Below, the groupby filter has dropna=False
which would return also the rows that don’t match the filter, giving a Series with the same indexes as the main df
# E.g. this groupby filter - NB. dropna=False
df_item.groupby(['item.item_id']).filter(lambda x:x.items_available.max()>0, dropna=False)['item.item_id']
# Then we use that in the condition, nice arbitrary example with `item.item_id` not being the index of the DF
df_item.loc[df_item['item.item_id']==df_item.groupby(['item.item_id']).filter(lambda x:x.items_available.max()>0, dropna=False)['item.item_id'],'item_active'] = True
I’m not sure whether this is the “best” way to incorporate groupby results, but seems to work OK for now.

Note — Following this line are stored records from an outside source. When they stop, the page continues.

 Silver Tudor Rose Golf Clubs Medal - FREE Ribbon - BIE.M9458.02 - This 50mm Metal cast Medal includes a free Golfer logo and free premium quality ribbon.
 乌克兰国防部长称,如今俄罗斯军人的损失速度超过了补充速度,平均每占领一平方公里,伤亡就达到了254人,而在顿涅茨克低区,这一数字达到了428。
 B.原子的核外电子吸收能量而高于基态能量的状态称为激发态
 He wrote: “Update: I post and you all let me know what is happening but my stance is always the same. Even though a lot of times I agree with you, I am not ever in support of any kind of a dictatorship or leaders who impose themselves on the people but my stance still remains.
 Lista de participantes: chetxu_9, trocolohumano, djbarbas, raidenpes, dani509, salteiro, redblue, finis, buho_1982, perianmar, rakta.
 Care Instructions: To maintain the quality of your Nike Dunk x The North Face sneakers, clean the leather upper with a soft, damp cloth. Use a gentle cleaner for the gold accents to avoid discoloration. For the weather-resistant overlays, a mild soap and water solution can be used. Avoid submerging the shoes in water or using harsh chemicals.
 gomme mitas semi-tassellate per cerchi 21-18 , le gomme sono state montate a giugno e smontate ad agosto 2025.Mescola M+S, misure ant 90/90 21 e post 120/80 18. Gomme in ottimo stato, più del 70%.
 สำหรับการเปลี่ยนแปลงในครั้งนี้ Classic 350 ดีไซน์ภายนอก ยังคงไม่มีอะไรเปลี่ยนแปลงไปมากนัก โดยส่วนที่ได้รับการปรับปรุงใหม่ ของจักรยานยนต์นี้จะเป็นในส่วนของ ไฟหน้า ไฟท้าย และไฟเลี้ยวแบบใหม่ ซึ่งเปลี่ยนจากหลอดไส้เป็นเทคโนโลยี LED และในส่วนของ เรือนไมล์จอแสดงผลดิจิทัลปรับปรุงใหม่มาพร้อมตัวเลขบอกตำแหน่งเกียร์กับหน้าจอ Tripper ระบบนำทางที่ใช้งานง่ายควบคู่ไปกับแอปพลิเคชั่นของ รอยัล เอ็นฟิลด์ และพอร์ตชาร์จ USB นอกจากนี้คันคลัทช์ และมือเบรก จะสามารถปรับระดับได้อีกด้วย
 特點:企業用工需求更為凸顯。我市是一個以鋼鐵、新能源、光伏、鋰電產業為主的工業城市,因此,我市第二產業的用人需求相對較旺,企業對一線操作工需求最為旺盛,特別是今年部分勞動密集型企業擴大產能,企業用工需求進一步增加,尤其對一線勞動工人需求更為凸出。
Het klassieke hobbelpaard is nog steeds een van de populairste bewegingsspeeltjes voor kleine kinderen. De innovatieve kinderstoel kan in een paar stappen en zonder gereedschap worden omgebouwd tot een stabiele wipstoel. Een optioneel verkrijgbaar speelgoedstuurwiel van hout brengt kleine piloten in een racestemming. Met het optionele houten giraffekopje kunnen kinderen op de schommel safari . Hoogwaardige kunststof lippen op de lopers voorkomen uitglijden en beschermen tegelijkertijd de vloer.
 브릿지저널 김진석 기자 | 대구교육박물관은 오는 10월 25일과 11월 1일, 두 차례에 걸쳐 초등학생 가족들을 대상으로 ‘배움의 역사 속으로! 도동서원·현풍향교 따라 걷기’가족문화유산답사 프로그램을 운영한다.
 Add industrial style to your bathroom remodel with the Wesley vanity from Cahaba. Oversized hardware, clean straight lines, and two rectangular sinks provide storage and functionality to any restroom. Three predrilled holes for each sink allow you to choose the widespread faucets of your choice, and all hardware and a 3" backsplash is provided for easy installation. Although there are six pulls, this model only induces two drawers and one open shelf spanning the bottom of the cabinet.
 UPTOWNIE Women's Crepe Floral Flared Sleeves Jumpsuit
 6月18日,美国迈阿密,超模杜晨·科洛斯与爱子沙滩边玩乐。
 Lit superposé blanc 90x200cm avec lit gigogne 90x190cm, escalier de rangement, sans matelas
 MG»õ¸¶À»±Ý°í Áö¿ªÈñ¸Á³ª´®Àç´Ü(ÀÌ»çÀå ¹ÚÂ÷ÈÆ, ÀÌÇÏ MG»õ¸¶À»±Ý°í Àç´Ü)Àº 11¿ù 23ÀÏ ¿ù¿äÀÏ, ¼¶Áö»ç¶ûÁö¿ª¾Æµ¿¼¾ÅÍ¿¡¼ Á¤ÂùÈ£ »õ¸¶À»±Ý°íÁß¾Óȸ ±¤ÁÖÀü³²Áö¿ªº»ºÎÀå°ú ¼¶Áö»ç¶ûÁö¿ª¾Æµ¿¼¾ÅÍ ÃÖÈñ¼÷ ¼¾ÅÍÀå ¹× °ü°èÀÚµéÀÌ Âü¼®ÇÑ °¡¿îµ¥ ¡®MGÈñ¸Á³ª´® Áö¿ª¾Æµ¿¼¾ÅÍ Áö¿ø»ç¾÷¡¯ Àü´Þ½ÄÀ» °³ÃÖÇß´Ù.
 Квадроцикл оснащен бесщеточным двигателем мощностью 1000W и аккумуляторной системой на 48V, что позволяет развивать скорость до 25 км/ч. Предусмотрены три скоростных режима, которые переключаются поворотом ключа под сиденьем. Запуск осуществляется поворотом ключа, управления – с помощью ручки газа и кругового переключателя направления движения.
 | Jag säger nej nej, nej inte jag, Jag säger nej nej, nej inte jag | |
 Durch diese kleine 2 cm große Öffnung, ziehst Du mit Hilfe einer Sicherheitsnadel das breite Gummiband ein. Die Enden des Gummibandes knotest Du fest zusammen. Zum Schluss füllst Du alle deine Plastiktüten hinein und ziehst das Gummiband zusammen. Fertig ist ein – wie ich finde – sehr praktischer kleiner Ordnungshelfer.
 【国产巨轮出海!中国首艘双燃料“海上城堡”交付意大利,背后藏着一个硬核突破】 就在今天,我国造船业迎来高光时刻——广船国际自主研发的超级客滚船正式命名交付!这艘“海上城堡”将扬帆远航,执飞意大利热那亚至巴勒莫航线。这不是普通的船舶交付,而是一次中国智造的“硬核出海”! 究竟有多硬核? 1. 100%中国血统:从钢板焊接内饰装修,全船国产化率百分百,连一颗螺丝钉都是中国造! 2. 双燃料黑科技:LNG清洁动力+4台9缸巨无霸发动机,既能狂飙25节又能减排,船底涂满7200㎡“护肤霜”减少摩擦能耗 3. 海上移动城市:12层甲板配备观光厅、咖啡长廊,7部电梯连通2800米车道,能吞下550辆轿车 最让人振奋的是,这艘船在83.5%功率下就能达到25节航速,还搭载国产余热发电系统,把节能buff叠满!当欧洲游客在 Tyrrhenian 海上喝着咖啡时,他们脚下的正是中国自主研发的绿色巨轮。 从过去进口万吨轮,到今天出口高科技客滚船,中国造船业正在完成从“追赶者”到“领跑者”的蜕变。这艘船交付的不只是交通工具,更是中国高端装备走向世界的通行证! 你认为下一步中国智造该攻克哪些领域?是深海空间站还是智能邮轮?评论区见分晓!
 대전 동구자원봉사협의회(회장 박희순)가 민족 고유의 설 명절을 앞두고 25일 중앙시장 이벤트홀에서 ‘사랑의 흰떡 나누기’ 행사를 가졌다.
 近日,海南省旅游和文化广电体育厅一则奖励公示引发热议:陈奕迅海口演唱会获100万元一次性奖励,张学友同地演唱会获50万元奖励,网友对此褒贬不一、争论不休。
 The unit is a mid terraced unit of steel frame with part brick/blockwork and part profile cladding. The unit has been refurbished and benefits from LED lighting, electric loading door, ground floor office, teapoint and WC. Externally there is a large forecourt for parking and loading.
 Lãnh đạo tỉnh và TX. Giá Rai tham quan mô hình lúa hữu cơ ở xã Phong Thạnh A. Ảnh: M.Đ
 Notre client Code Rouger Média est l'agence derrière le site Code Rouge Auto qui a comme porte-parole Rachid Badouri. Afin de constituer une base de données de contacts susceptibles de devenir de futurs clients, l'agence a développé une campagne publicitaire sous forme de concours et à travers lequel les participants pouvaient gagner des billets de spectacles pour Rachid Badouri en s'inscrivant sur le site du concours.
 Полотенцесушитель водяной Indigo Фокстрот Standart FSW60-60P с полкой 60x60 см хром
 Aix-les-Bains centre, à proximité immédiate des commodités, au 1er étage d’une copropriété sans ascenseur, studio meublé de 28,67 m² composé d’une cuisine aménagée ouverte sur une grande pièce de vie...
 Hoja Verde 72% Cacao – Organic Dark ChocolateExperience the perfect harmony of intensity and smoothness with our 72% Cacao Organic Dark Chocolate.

Esp. the remaining rows have nan
instead of False, can be worked around but is ugly:
df_item['item_active'] = df_item['item_active'].notna()
# For plotting purposes
sns.histplot(data=df_item.notna(), ... )
Pandas Filter by Column Value - Spark By {Examples} has more examples of conditions:
# From https://sparkbyexamples.com/pandas/pandas-filter-by-column-value/
df.loc[df['Courses'] == value]
df.loc[df['Courses'] != 'Spark']
df.loc[df['Courses'].isin(values)]
df.loc[~df['Courses'].isin(values)]
df.loc[(df['Discount'] >= 1000) & (df['Discount'] <= 2000)]
df.loc[(df['Discount'] >= 1200) & (df['Fee'] >= 23000 )]
df[df["Courses"] == 'Spark']
df[df['Courses'].str.contains("Spark")]
df[df['Courses'].str.lower().str.contains("spark")]
df[df['Courses'].str.startswith("P")]
mwouts/itables: Pandas DataFrames as Interactive DataTables:
from itables import init_notebook_mode
init_notebook_mode(all_interactive=True)
It kept “loading”. I set the notebook to ’trusted’ as per help, didn’t help.
But this did:
init_notebook_mode(all_interactive=True, connected=True)
(connected=True
makes it load libraries dynamically from the internet, and is not the default)
Allows more interesting interactive dynamical tables. Incl. things like sorting by column etc.
Courtesy of ChatGPT, after googling for 15 minutes didn’t bring anything immediately copy-pasteable.
I’ll deal with the existential crisis from this later.
To explode the cells containing dictionaries in a pandas DataFrame and append them as additional columns, you can use the apply() method along with the pd.Series() constructor. Here’s an example:
import pandas as pd
# create example DataFrame
df = pd.DataFrame({
'id': [1, 2],
'info': [
{'name': 'Alice', 'age': 25},
{'name': 'Bob', 'age': 30, 'city': 'New York'}
]
})
# use apply() with pd.Series() to explode the dictionaries and append them as columns
df = pd.concat([df.drop('info', axis=1), df['info'].apply(pd.Series)], axis=1)
print(df)
Output:
id name age city
0 1 Alice 25 NaN
1 2 Bob 30 New York
In this example, we first create a DataFrame with two rows, where the info column contains dictionaries. We then use the apply() method with pd.Series() to explode the dictionaries and create additional columns for each key in the dictionaries. Finally, we concatenate the exploded columns with the original DataFrame using pd.concat().